Assim, quase qualquer um capiau outro, sem ser Augusto Estêves, naqueles dois contratempos teria percebido a chegada do azar, da unhaca, e passaria umas rodadas sem jogar fazendo umas férias na vida […] Mas Nhô Augusto era couro ainda por curtir, e para quem não sai, em tempo, de cima da linha, até apito de trem é mau agouro. Demais, quando um tem que pagar o gasto, desembesta até ao fim. E, desse jeito, achou que não era hora para ponderados pensamentos.

“Nhô Augusto era couro ainda por curtir”, ou seja, ele terá que passar por todo processo de redenção para encontrar seu caminho neste mundo. Após este contratempo, ele irá ser resgatado por um casal de velhos que cuidará de suas feridas. Quando recuperado, eles partem para um lugar longe onde Nhô-Augusto não pode ser reconhecido.

Neste segundo momento, a personagem tenta se redimir a todo custo. Trabalha o dia todo, não fuma, não bebe, não faz sexo, apenas existe para ajudar ao próximo. Até que aparece um dia o cangaceiro Seu Joãozinho Bem-Bem provoca em Augusto os desejos já adormecidos. Não querendo voltar à sua vida anterior e não conseguindo mais suportar sua vida atual, Matraga parte como um messias, montado em um burrinho, deixando o animal escolher seus caminhos.

Como se estivesse predestinado a este terceiro momento, Matraga encontra novamente Seu Joãozinho e morre em duelo com este, salvando, assim, uma família que estava prestes a ser morta pelo cangaceiro.
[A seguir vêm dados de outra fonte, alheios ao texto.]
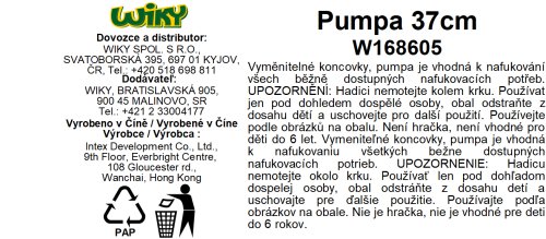 Ručná dvojčinná pumpa s tromi nádstavcami. Možno použiť na nafukovanie aj vyfukovanie. Dvojpiestová technológia. Farba čierna. rozmer pumpy: 37 cm

A lâmina de Nhô Augusto talhara de baixo para cima, do púbis à boca-do-estômago, e um mundo de cobras sangrentas saltou para o ar livre, enquanto seu Joãozinho Bem-Bem caía ajoelhado, recolhendo os seus recheios nas mãos.

A novela trabalha constantemente a luta entre o bem x o mal. Seja uma luta exterior ou dentro do próprio Augusto. Interessante também notar como a hora e a vez desta personagem não se dá pelo recolhimento e pela pacificidade, mas sim, quando Matraga se entrega aos seus instintos. A redenção de Matraga é feita pela violência.

 

Espero que tenha se interessado pelo autor e pela sua obra. Termino aqui com mais um trechinho do poema de Drummond que acredito mostrar o encatamento que Guimarães Rosa produz em seus leitores:

Ficamos sem saber o que era João
e se João existiu
de se pegar.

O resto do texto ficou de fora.